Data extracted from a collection

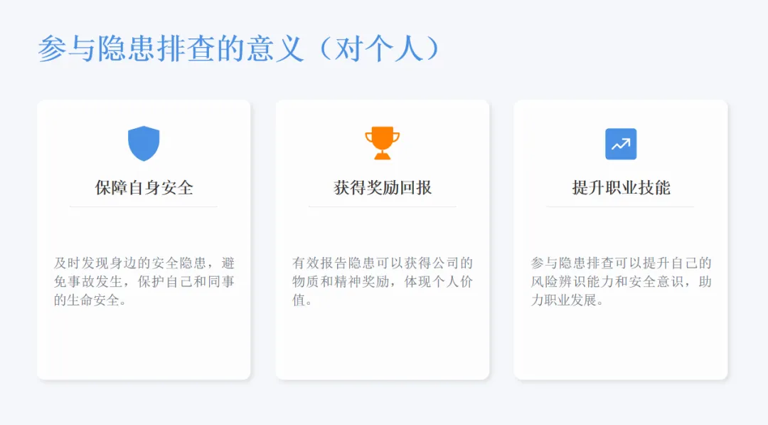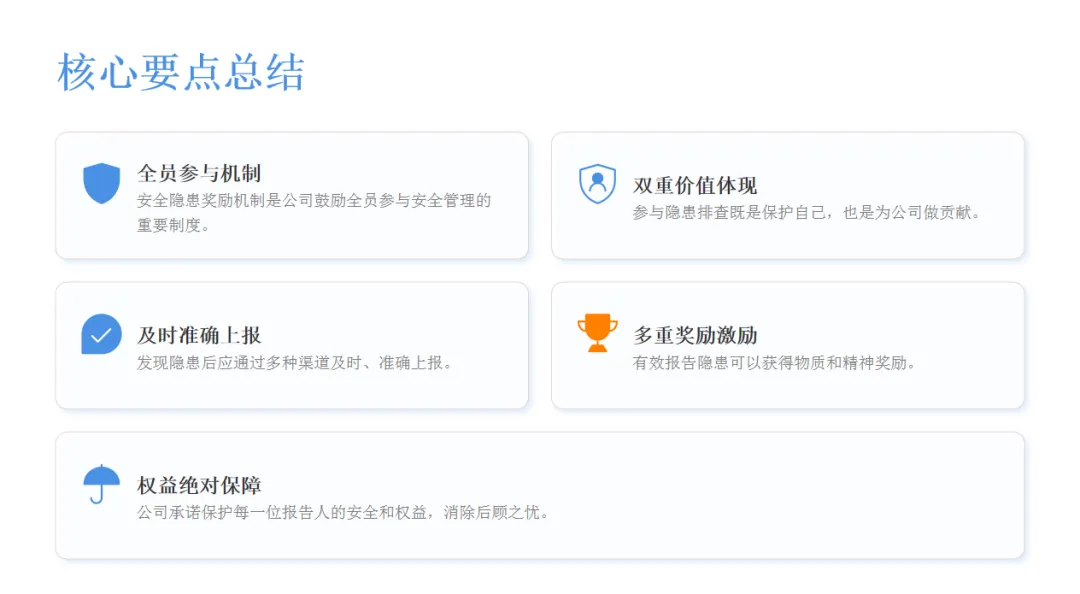 《安全隐患奖励机制新员工培训》,用通俗易懂的语言、生动鲜活的案例,为大家详细讲解这一机制的运行规则、奖励内容及申报流程。让您快速了解如何通过发现、上报安全隐患,为企业安全贡献力量,同时收获属于自己的奖励。
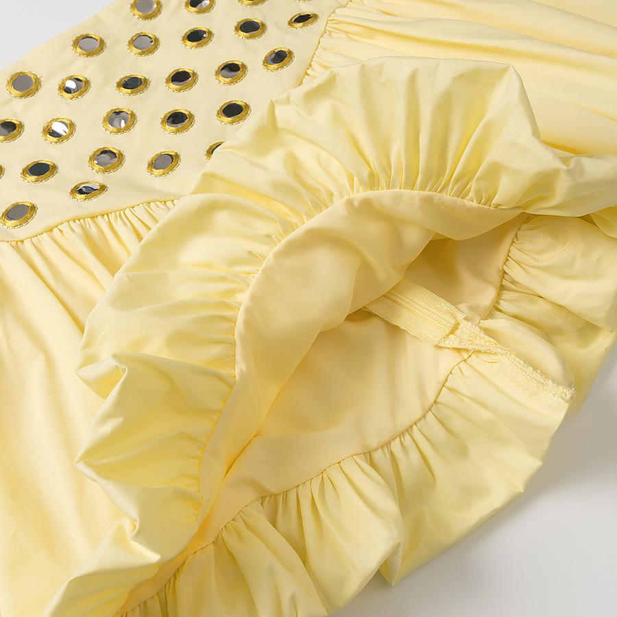 Traje de sobrefalda con tirantes y dobladillo plisado decorativo metálico nuevo de verano 2025 para comercio exterior transfronterizo
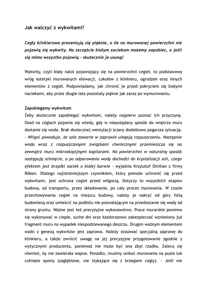 Jak walczyć z wykwitami? Cegły klinkierowe prezentują się pięknie, o ile na murowanej powierzchni nie pojawią się wykwity. Na szczęście białym zaciekom możemy zapobiec, a jeśli się mimo wszystko pojawią – skutecznie je usunąć Wykwity, czyli biały nalot pojawiający się na powierzchni cegieł, to podstawowy wróg estetyki murowanych elewacji, cokołów z klinkieru, ogrodzeń oraz innych elementów z cegieł. Podpowiadamy, jak chronić je przed pokryciem się białymi naciekami, aby przez długie lata pozostały piękne jak zaraz po wymurowaniu. Zapobiegamy wykwitom Żeby skutecznie zapobiegać wykwitom, należy najpierw poznać ich przyczynę. Osad na cegłach pojawia się wtedy, gdy w niepożądany sposób do wnętrza muru dostanie się woda. Brak skutecznej wentylacji ściany dodatkowo pogarsza sytuację. - Wilgoć powoduje, że sole zawarte w zaprawie ulegają rozpuszczeniu. Następnie woda wraz z rozpuszczonymi związkami chemicznymi przemieszcza się na zewnątrz muru mikroskopijnymi kapilarami. Na powierzchni w naturalny sposób następuję schnięcie, a po odparowaniu wody dochodzi do krystalizacji soli, czego efektem jest brzydki zaciek o białej barwie – wyjaśnia Krzysztof Omilian z firmy Röben. Dlatego najistotniejszym czynnikiem, który pomoże uchronić się przed wykwitami, jest ochrona cegieł przed wilgocią. Dotyczy to wszystkich etapów budowy, od transportu, przez składowanie, po cały proces murowania. W czasie przechowywania cegieł na miejscu budowy, należy je nakryć od góry folią budowlaną oraz umieścić na podłożu nie pozwalającym na przedostanie się wody od strony gruntu. Ważne jest też precyzyjne wykonawstwo. Prace murarskie powinno się wykonywać w ciepłe, suche dni oraz każdorazowo zabezpieczać wzniesiony już fragment muru na wypadek niespodziewanego deszczu. Drugim ważnym elementem walki z genezą wykwitów jest zaprawa. Należy stosować specjalną zaprawę do klinkieru, a także zwrócić uwagę na jej precyzyjne przygotowanie zgodnie z wytycznymi producenta, ponieważ nie może być ona zbyt rzadka. Zaleca się również, by nie zawierała wapna. Ponadto, musimy unikać murowania na puste lub cofnięte spoiny (zagłębione, nie stykające się z brzegiem cegły). - Jeśli nie zastosujemy się do tej zasady, w niewypełnionych miejscach będzie gromadzić się woda opadowa. Z czasem może się ona przedostać w głąb muru, powodując powstawanie wykwitów, a nawet osłabienie całej konstrukcji – ostrzega Krzysztof Omilian. W przypadku elewacji, powinno się dodatkowo zapewnić cyrkulację powietrza wewnątrz konstrukcji ściany. Odprowadzanie wilgoci uniemożliwi wypłukiwanie soli. Konieczne jest również zabezpieczenie warstwy osłonowej przed przedostawaniem się wody do jej wnętrza, głównie dzięki szczelnym połączeniom murarskim oraz fachowo wykonanym obróbkom blacharskim. Usuwanie białego nalotu Jeśli na murze mimo wszystko pojawią się wykwity, nie można tego zignorować. By przywrócić cegłom estetyczną powierzchnię, trzeba zacząć od usunięcia przyczyny, która mogła spowodować powstanie nacieków. W murze mogły się np. ukruszyć fugi, co powoduje przedostawanie się wilgoci do wnętrza muru. Po uszczelnieniu tych miejsc i zabezpieczeniu ściany przed wilgocią, można rozpocząć usuwanie wykwitów. W pierwszej kolejności zaleca się mechaniczne oczyszczanie cegieł poprzez szczotkowanie na sucho. Wyczyściwszy w ten sposób mur, należy go zmyć ciepłą wodą przy użyciu myjki ciśnieniowej. Jeśli nalot nie zostanie w pełni usunięty, można zastosować specjalistyczne preparaty dedykowane usuwaniu wykwitów. Są one dostępne w większości hurtowni budowlanych. Przed zastosowaniem środka należy w słoneczny, suchy dzień zmyć cegły wodą i odczekać, aż dobrze wyschną. Podobnie jak w przypadku wszelkich innych środków chemicznych, przed użyciem preparatu zaleca się zrobienie próby na mało widocznym fragmencie muru. Następnie na powierzchnię muru nanosi się preparat, ściśle trzymając się wytycznych zawartych w instrukcji, która uwzględnia także zalecenia pogodowe. Jeśli sami nie chcemy lub nie możemy walczyć z wykwitami, z pomocą przyjdzie specjalistyczną ekipa.
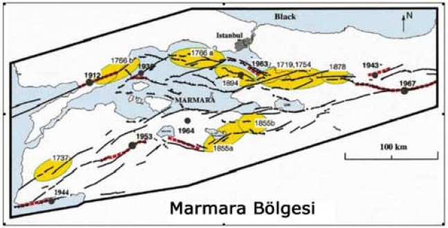 Araştırmada, bu fayın “yıkıcı” ve “aktif” olduğu belirtiliyor. Marmara fayının özellikle de İmralı fayı en canlı bölümlerden biri olduğu tespit edilirken, Marmara’nın batısında Çınarcık’a kadar uzanan fay uzunluğunun tam 110 kilometre, ikinci fayın ise 85 kilometre uzunluğunda olduğu ve her iki fayında aktif olduğu belirtildi.
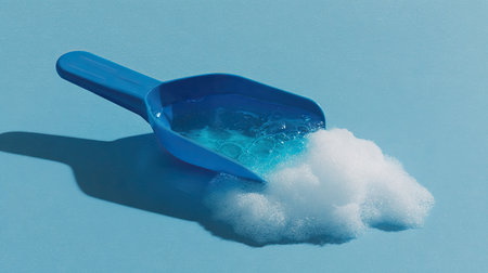 This image features a bright blue scoop resting on a light blue surface, filled with soap bubbles and foam, symbolizing cleanliness and freshness in household chores.
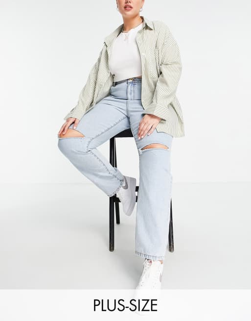 Cotton On Curve – Dad-Jeans mit Knierissen in Blau
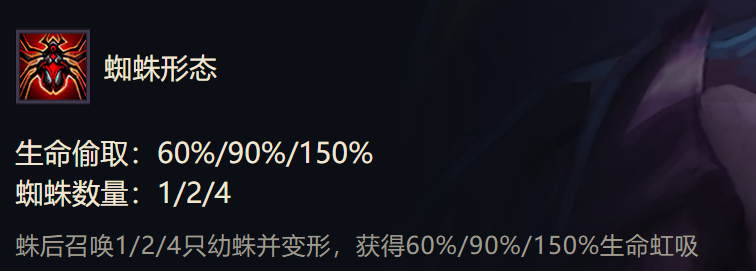 蛛后释放技能召唤蜘蛛,并且获得普通攻击可以汲取生命值。
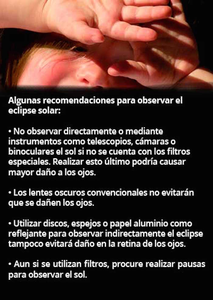 Astrónomos amateurs y profesionales —como la doctora Gloria Delgado— afirman que aunque el sol quede parcialmente oculto por la luna, la luz que llega a los ojos es muy intensa y puede quemar la retina. De la misma forma que ocurre con los telescopios o binoculares.

- Problem:
Reproduce exactly, with nothing added, the lines from the line with "Cotton On Curve" through the end of the entries above; pictures are to be left out.

- Answer to the exercise:
 Cotton On Curve – Dad-Jeans mit Knierissen in Blau
 蛛后释放技能召唤蜘蛛,并且获得普通攻击可以汲取生命值。
 Astrónomos amateurs y profesionales —como la doctora Gloria Delgado— afirman que aunque el sol quede parcialmente oculto por la luna, la luz que llega a los ojos es muy intensa y puede quemar la retina. De la misma forma que ocurre con los telescopios o binoculares.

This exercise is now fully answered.